Check out the blog of this case study at the following link:

https://medium.com/@gauravsharma2656/music-generation-using-deep-learning-85010fb982e2

Real World Problem

This case-study focuses on generating music automatically using Recurrent Neural Network(RNN). We do not necessarily have to be a music expert in order to generate music. Even a non expert can generate a decent quality music using RNN. We all like to listen interesting music and if there is some way to generate music automatically, particularly decent quality music then it's a big leap in the world of music industry. Task: Our task here is to take some existing music data then train a model using this existing data. The model has to learn the patterns in music that we humans enjoy. Once it learns this, the model should be able to generate new_ music for us. It cannot simply copy-paste from the training data. It has to understand the patterns of music to generate new music. We here are not expecting our model to generate new music which is of professional quality, but we want it to generate a decent quality music which should be melodious and good to hear. Now, what is music? In short music is nothing but a sequence of musical notes. Our input to the model is a sequence of musical events/notes. Our output will be new sequence of musical events/notes. In this case-study we have limited our self to single instrument music as this is our first cut model.
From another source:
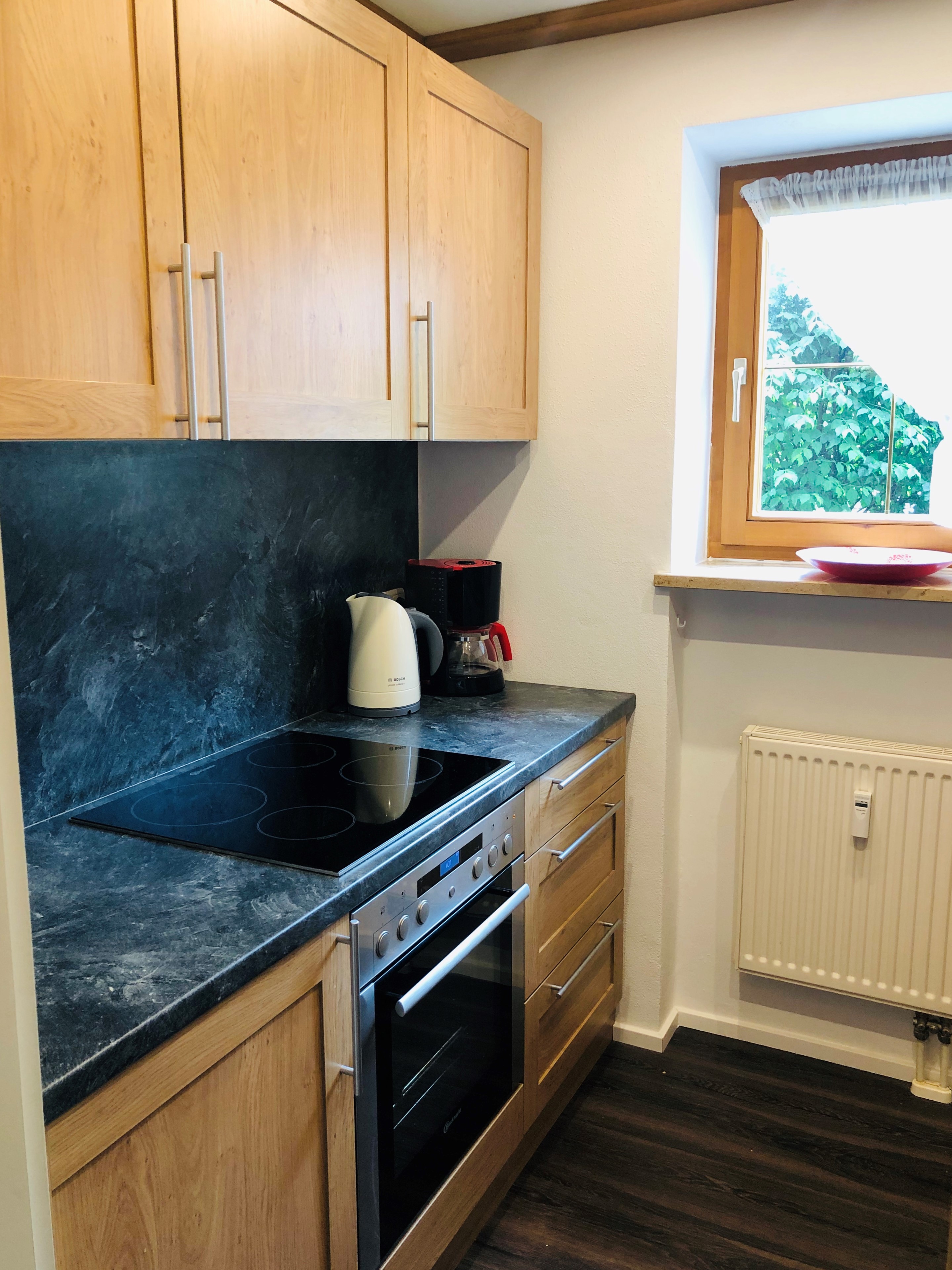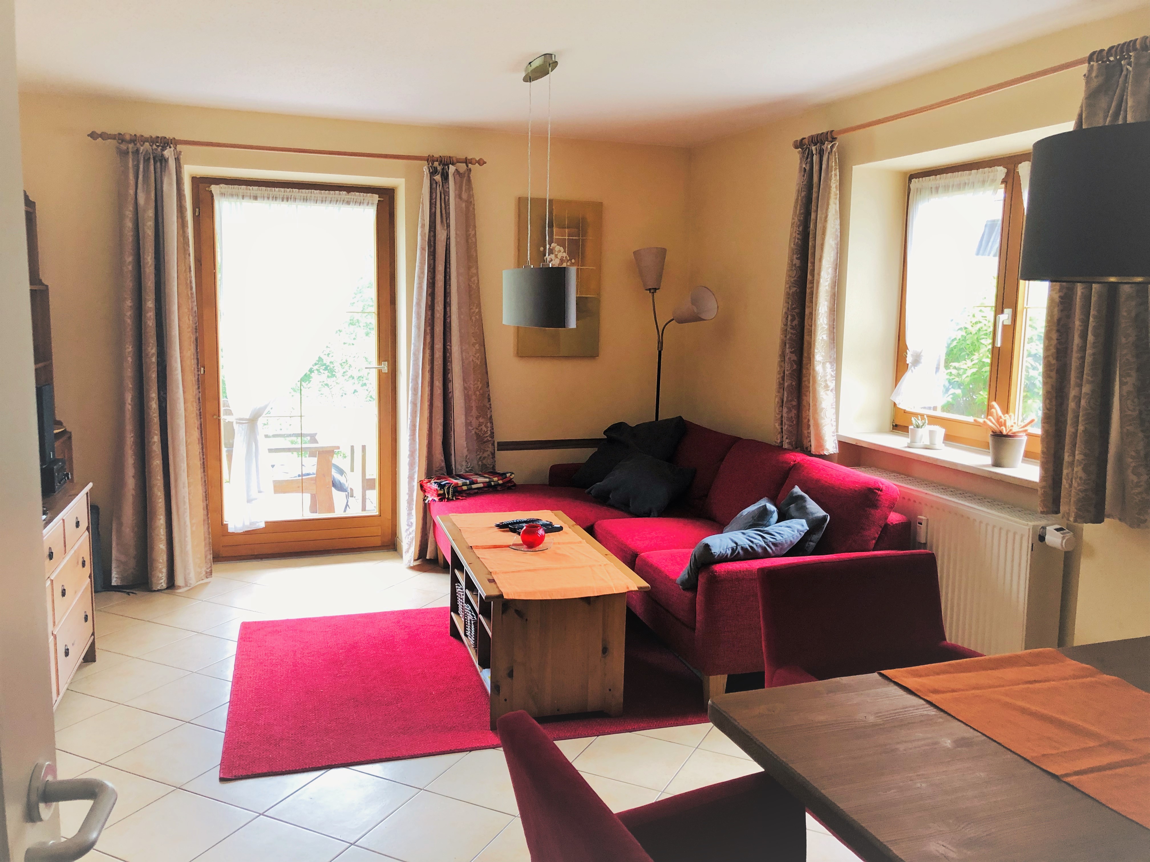 Die 62 qm große Ferienwohnung befindet sich in der Ferienwohnanlage Grenzhub, direkt an der Grenze zu Tirol. Das Appartement verfügt über 2 separate Schlafzimmer mit einem Französischem Bett und einmal Stockbetten. Die Küche ist ausgestattet mit Kühlschrank, Geschirrspülmaschine, Cerankochfeld, Backofen, Wasserkocher, Kaffeemaschine, Mikrowelle. Im Badezimmer finden Sie eine Dusche vor, das WC befindet sich separat in der Wohnung. Im Wohnzimmer befindet sich ein ausziehbares Schlafsofa (140x200cm), ein Sitzbereich und ein Flat-SAT-TV. Nutzen Sie kostenloses WLAN. Die Terrasse ist mit Gartenmöbeln ausgestattet. Ein Hund darf gegen Aufpreis gerne mitgebracht werden. Parkplatz vorhanden. Nichtraucherwohnung. Behindertenfreundlich, ebenerdig.

In future, we will extend this to multiple instrument music.

Data Source:

  1. http://abc.sourceforge.net/NMD/
  2. http://trillian.mit.edu/~jc/music/book/oneills/1850/X/

From first data-source, we have downloaded first two files:

  • Jigs (340 tunes)
  • Hornpipes (65 tunes)

How to Run the Model

In order to run the model you can run the file " Music_Generation_Train2.ipynb" You can also load weights which are in the file" Data2/Model_Weights/". There are total 9 weight files over there. Each weight file represents the epoch number. For instance " Weights_50.h5" are the weights saved at epoch 50. We ran our model for total of 90 epochs. You can add more layers into your model and fine tune the existing layers in the model. Any epoch weight can be loaded for fine tuning or "Transfer Learning".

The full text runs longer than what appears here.